EXERCISE DIRECTIONS
Only the lines below from the one containing "On behalf of" through the one containing "北宋当阳峪窑绞胎盏托一对" belong in the answer, repeated exactly and without pictures.

Data excerpts
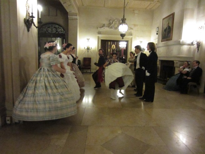 As you may already know if you’ve been reading this blog for awhile, the 1860s are my favorite period. I get super excited about them–especially the clothes! So you can imagine my absolute joy at being able to attend an 1860s ball during Newport Vintage Dance Week. But to make things even more amazingly wonderful, this particular ball was held in one of the most beautiful places we visited during the week! You can see pictures of last year’s 1860s Ochre Court Newport ball here, in an earlier post. In fact, Ochre Court is my favorite of any Newport venues I have ever entered, except maybe the Breakers… but we didn’t have a ball at the Breakers (because it is no longer open to the public, as far as I know), so for Newport 2012, Ochre Court was my top most favorite place!
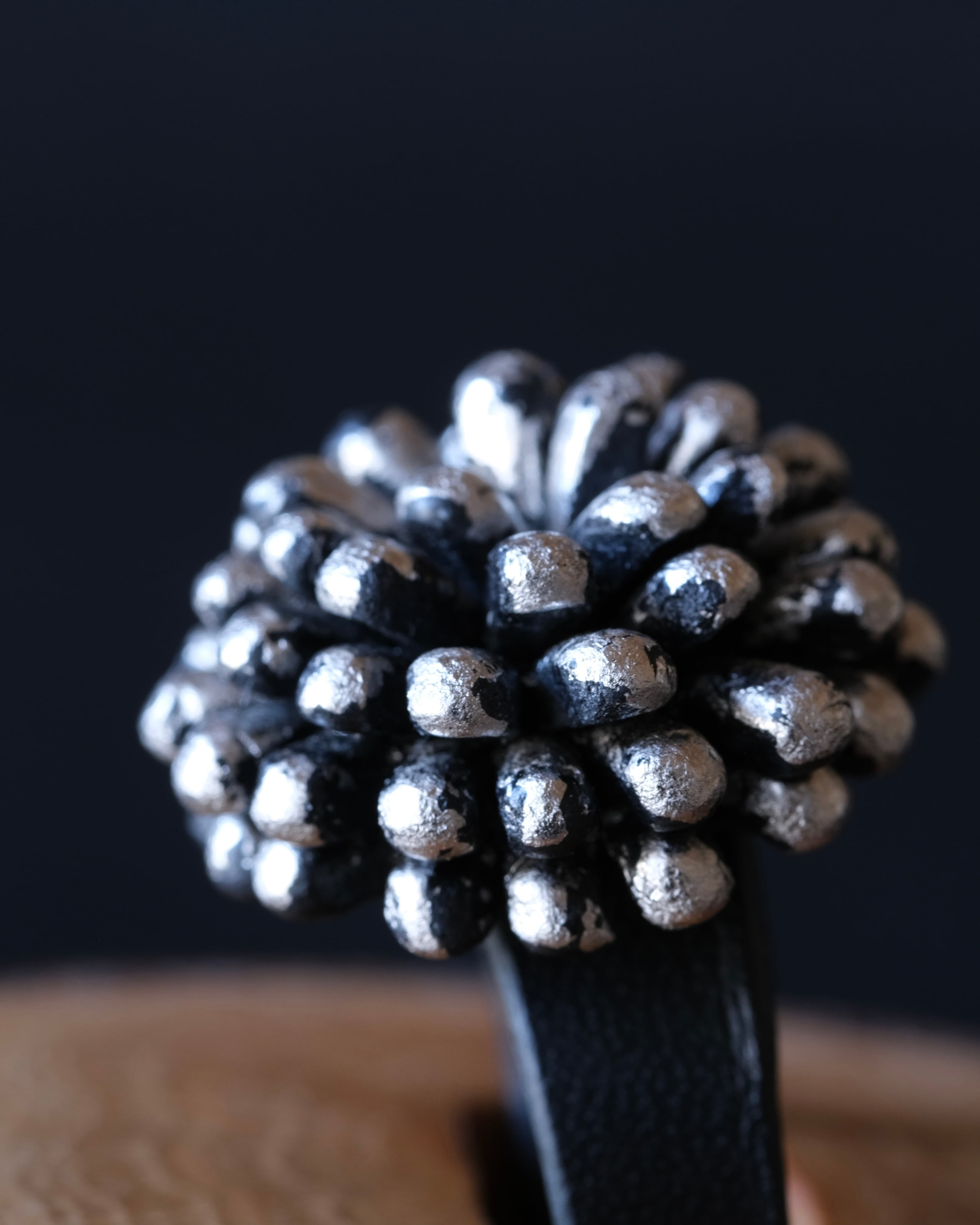 花のモチーフのリング、forest flower “ring2” に純プラチナ箔を貼ったモデルです。
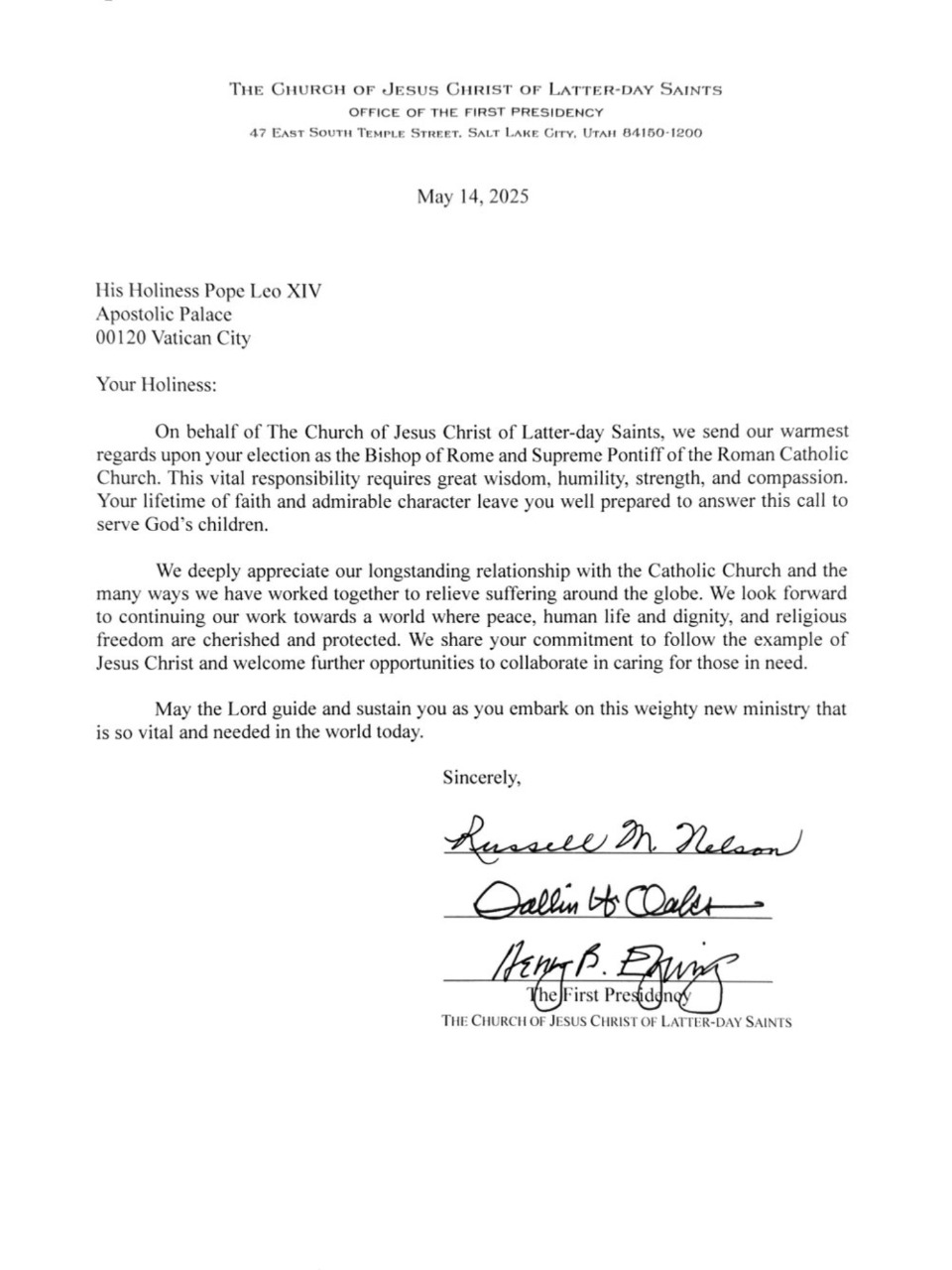 On behalf of The Church of Jesus Christ of Latter-day Saints, we send our warmest regards upon your election as the Bishop of Rome and Supreme Pontiff of the Roman Catholic Church. This vital responsibility requires great wisdom, humility, strength, and compassion. Your lifetime of faith and admirable character leave you well prepared to answer this call to serve God’s children.
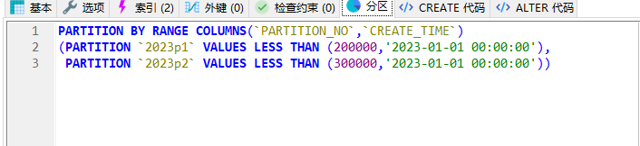 (PARTITION 2023p1 VALUES LESS THAN (200000,‘2023-01-01’),
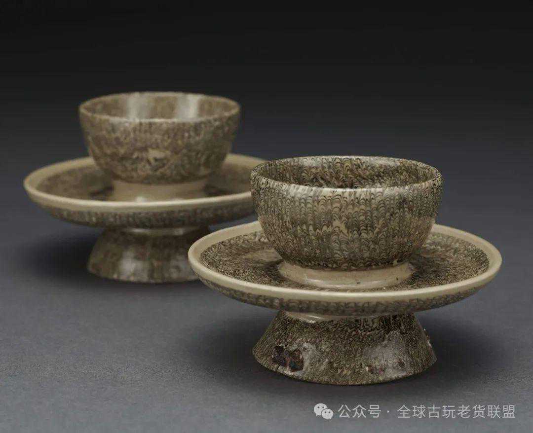 北宋当阳峪窑绞胎盏托一对
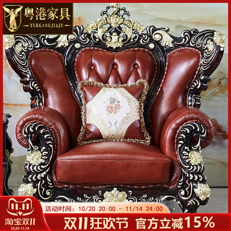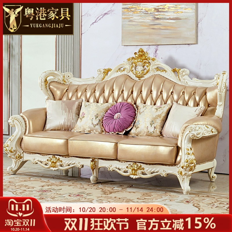 欧式真皮沙发 美式奢华全实木双面雕花别墅描金描银123小户型沙发

WRITTEN SOLUTION
 On behalf of The Church of Jesus Christ of Latter-day Saints, we send our warmest regards upon your election as the Bishop of Rome and Supreme Pontiff of the Roman Catholic Church. This vital responsibility requires great wisdom, humility, strength, and compassion. Your lifetime of faith and admirable character leave you well prepared to answer this call to serve God’s children.
 (PARTITION 2023p1 VALUES LESS THAN (200000,‘2023-01-01’),
 北宋当阳峪窑绞胎盏托一对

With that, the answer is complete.